**Exercise details:** The lines below from the one with "Handgemachte Kette aus" up to and including the one with "Tabela rodziny jest" are what you should set down, exactly and without pictures.

**Dataset entries:**
★ ★ ★ ★ ★ ★ ★

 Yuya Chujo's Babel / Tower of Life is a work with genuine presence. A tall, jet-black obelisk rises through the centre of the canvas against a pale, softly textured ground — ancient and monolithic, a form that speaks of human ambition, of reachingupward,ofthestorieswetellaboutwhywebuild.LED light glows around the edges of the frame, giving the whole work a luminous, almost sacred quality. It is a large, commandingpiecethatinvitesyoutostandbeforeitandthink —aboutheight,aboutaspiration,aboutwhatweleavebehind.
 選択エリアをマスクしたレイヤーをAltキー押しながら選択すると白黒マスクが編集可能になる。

★ ★ ★ ★ ★ ★ ★

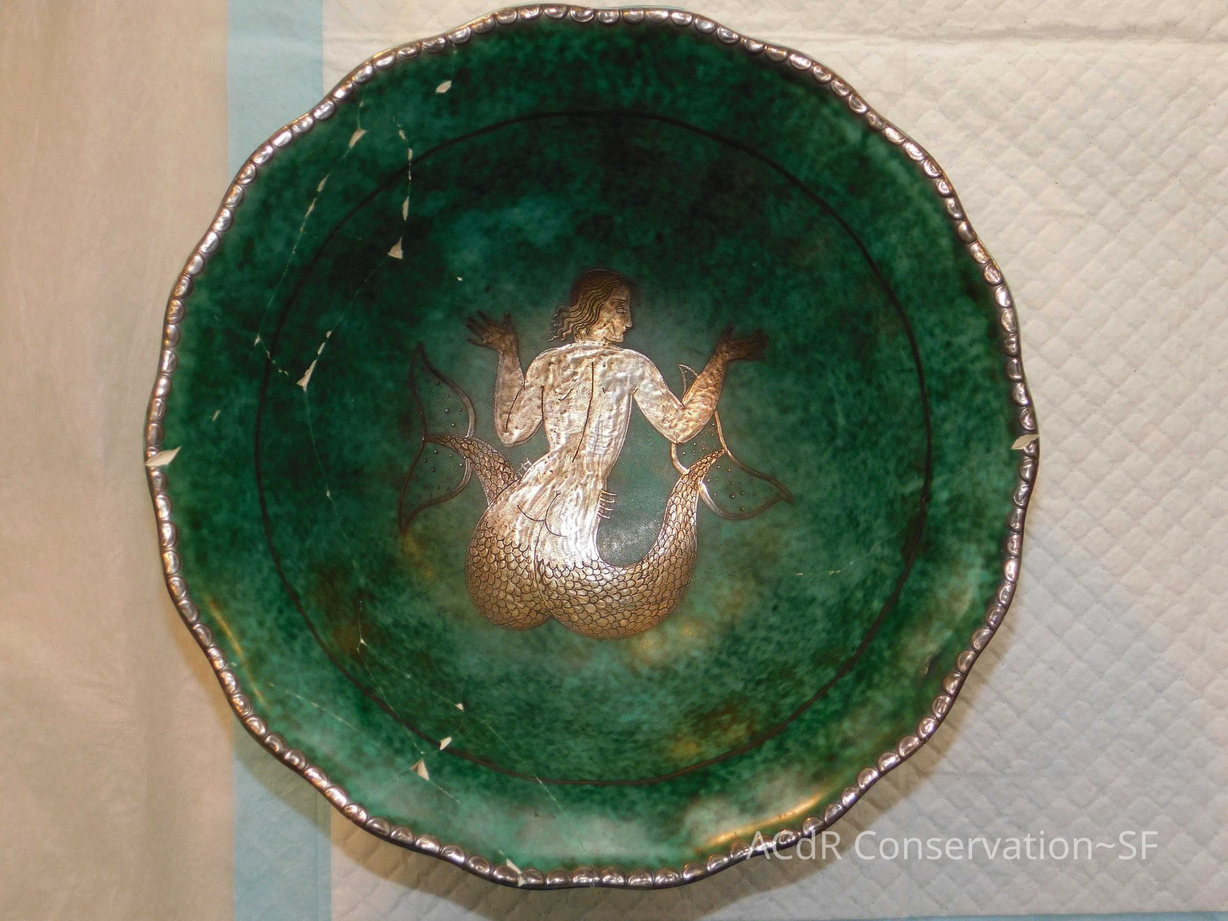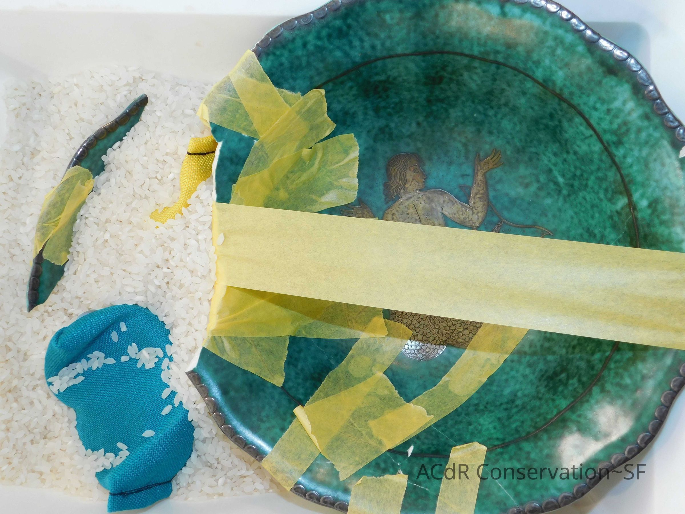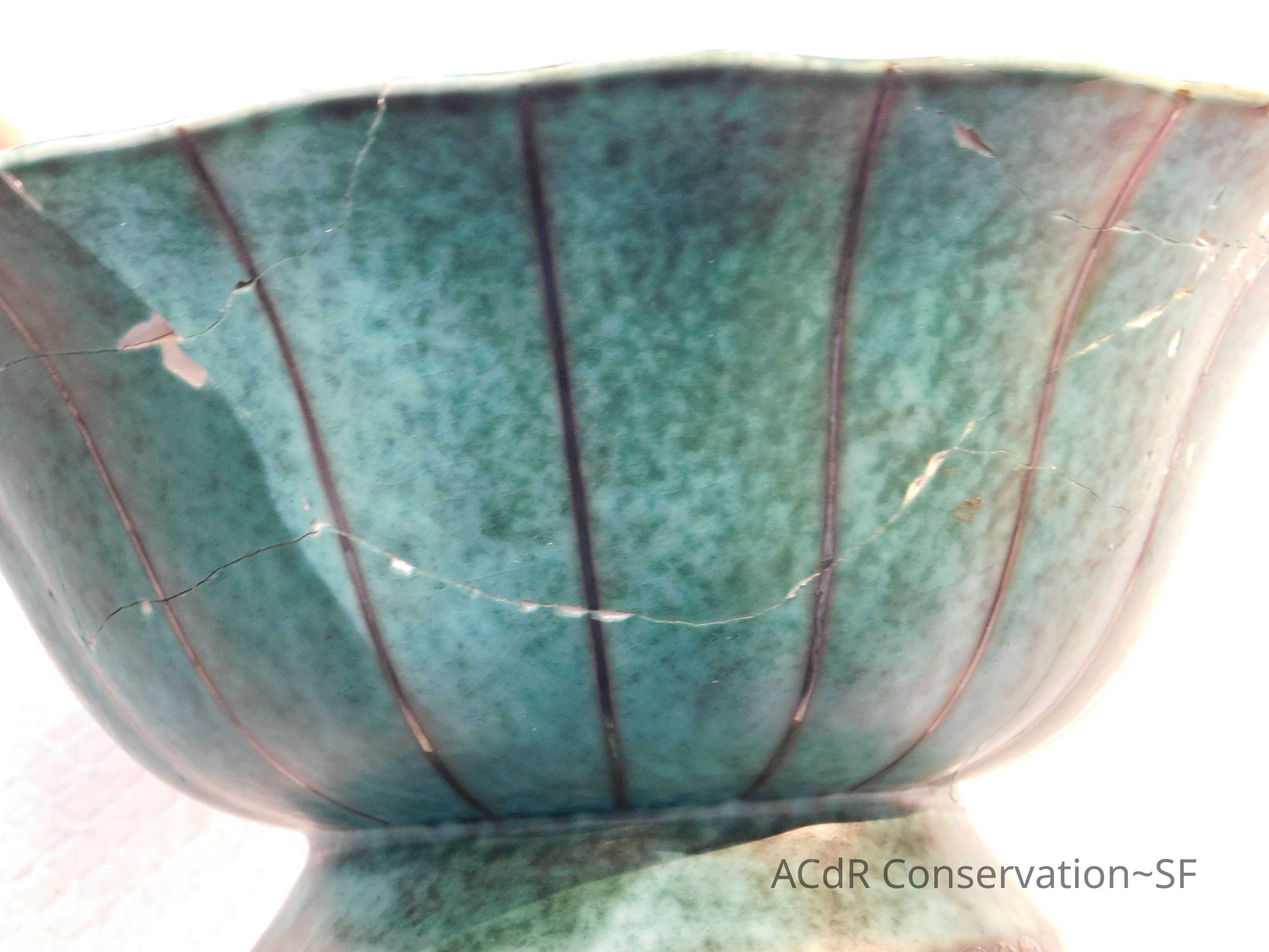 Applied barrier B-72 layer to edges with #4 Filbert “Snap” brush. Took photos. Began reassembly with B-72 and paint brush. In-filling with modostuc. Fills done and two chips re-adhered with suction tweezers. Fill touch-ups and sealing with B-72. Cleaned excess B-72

★ ★ ★ ★ ★ ★ ★

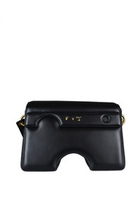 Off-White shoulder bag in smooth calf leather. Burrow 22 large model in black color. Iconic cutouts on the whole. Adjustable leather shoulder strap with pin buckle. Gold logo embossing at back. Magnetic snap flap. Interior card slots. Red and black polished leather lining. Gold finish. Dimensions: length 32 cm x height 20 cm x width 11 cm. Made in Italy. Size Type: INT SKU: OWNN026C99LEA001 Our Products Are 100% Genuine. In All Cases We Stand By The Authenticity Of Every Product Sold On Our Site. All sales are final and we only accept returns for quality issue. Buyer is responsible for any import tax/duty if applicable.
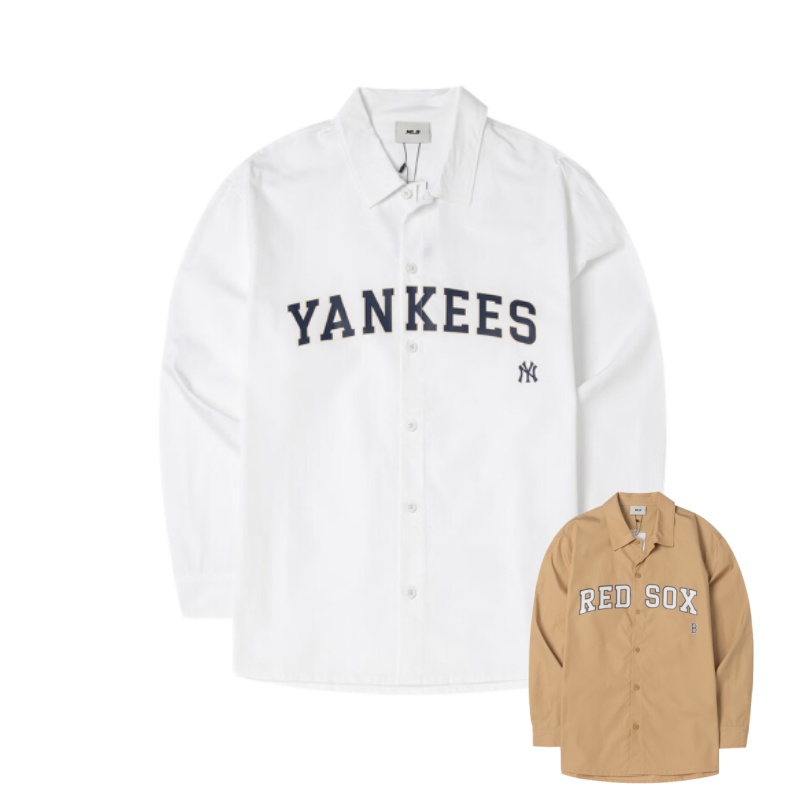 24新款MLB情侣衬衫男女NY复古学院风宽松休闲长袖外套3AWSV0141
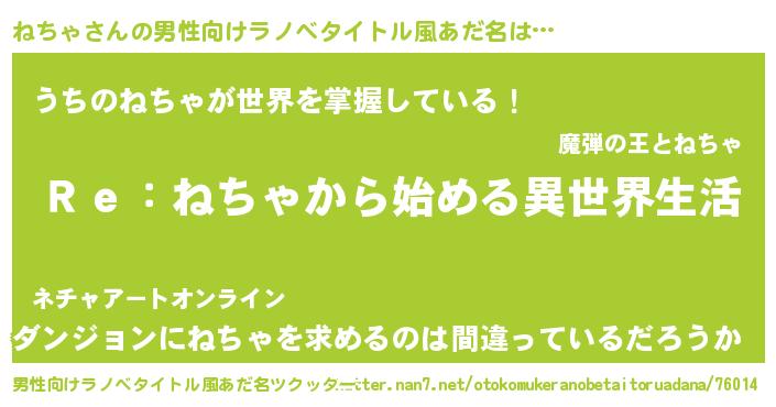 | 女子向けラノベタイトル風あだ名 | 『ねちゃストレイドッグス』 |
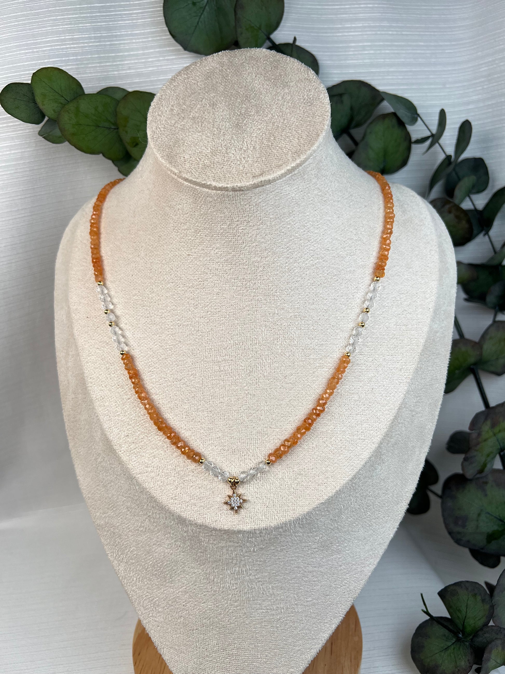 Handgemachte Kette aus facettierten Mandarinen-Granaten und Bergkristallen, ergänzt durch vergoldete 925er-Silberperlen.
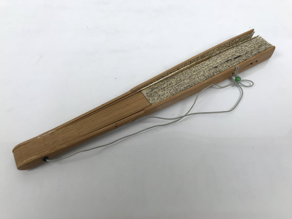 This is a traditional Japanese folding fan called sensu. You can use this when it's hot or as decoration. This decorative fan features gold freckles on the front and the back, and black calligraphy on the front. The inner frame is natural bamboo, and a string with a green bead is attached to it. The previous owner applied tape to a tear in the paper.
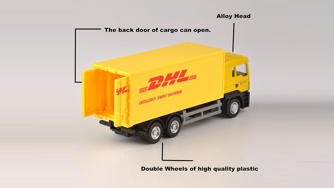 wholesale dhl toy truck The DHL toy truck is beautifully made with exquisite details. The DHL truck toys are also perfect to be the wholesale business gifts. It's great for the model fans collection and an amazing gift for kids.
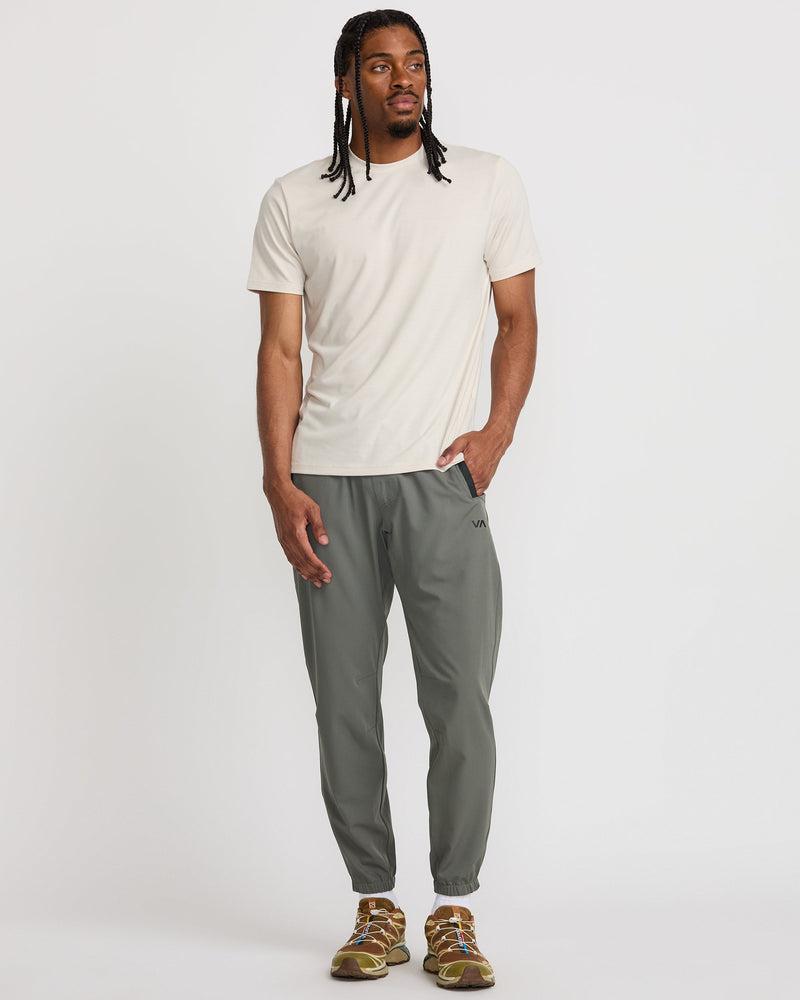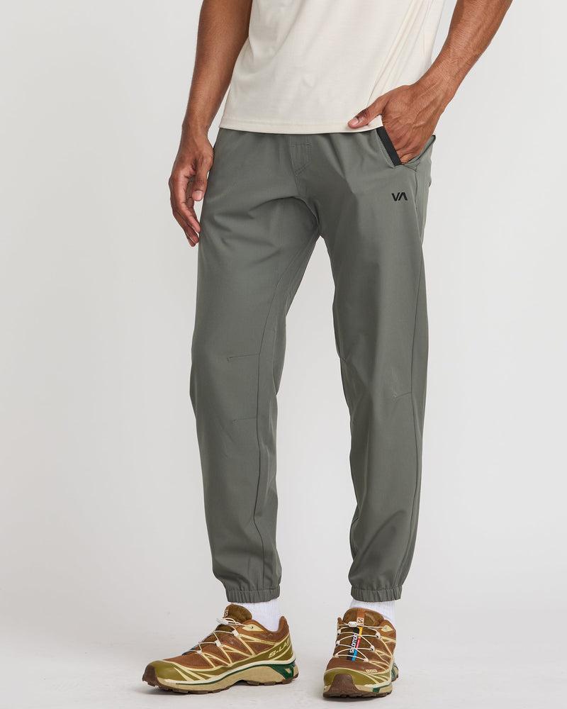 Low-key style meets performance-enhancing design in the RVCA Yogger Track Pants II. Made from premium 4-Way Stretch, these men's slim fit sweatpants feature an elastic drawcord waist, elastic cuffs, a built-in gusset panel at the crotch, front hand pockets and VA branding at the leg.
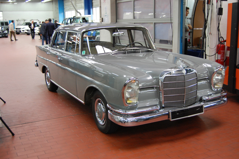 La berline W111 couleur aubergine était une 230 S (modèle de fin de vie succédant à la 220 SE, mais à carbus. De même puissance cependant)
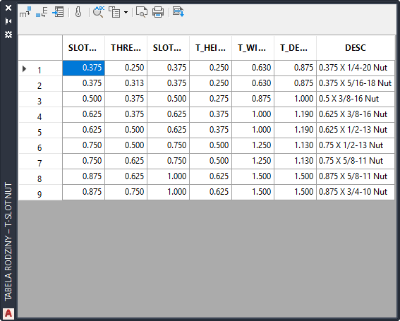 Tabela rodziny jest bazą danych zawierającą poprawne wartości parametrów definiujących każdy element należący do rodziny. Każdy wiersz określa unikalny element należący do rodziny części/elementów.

★ ★ ★ ★ ★ ★ ★

**Your solution:**
 Handgemachte Kette aus facettierten Mandarinen-Granaten und Bergkristallen, ergänzt durch vergoldete 925er-Silberperlen.
 This is a traditional Japanese folding fan called sensu. You can use this when it's hot or as decoration. This decorative fan features gold freckles on the front and the back, and black calligraphy on the front. The inner frame is natural bamboo, and a string with a green bead is attached to it. The previous owner applied tape to a tear in the paper.
 wholesale dhl toy truck The DHL toy truck is beautifully made with exquisite details. The DHL truck toys are also perfect to be the wholesale business gifts. It's great for the model fans collection and an amazing gift for kids.
 Low-key style meets performance-enhancing design in the RVCA Yogger Track Pants II. Made from premium 4-Way Stretch, these men's slim fit sweatpants feature an elastic drawcord waist, elastic cuffs, a built-in gusset panel at the crotch, front hand pockets and VA branding at the leg.
 La berline W111 couleur aubergine était une 230 S (modèle de fin de vie succédant à la 220 SE, mais à carbus. De même puissance cependant)
 Tabela rodziny jest bazą danych zawierającą poprawne wartości parametrów definiujących każdy element należący do rodziny. Każdy wiersz określa unikalny element należący do rodziny części/elementów.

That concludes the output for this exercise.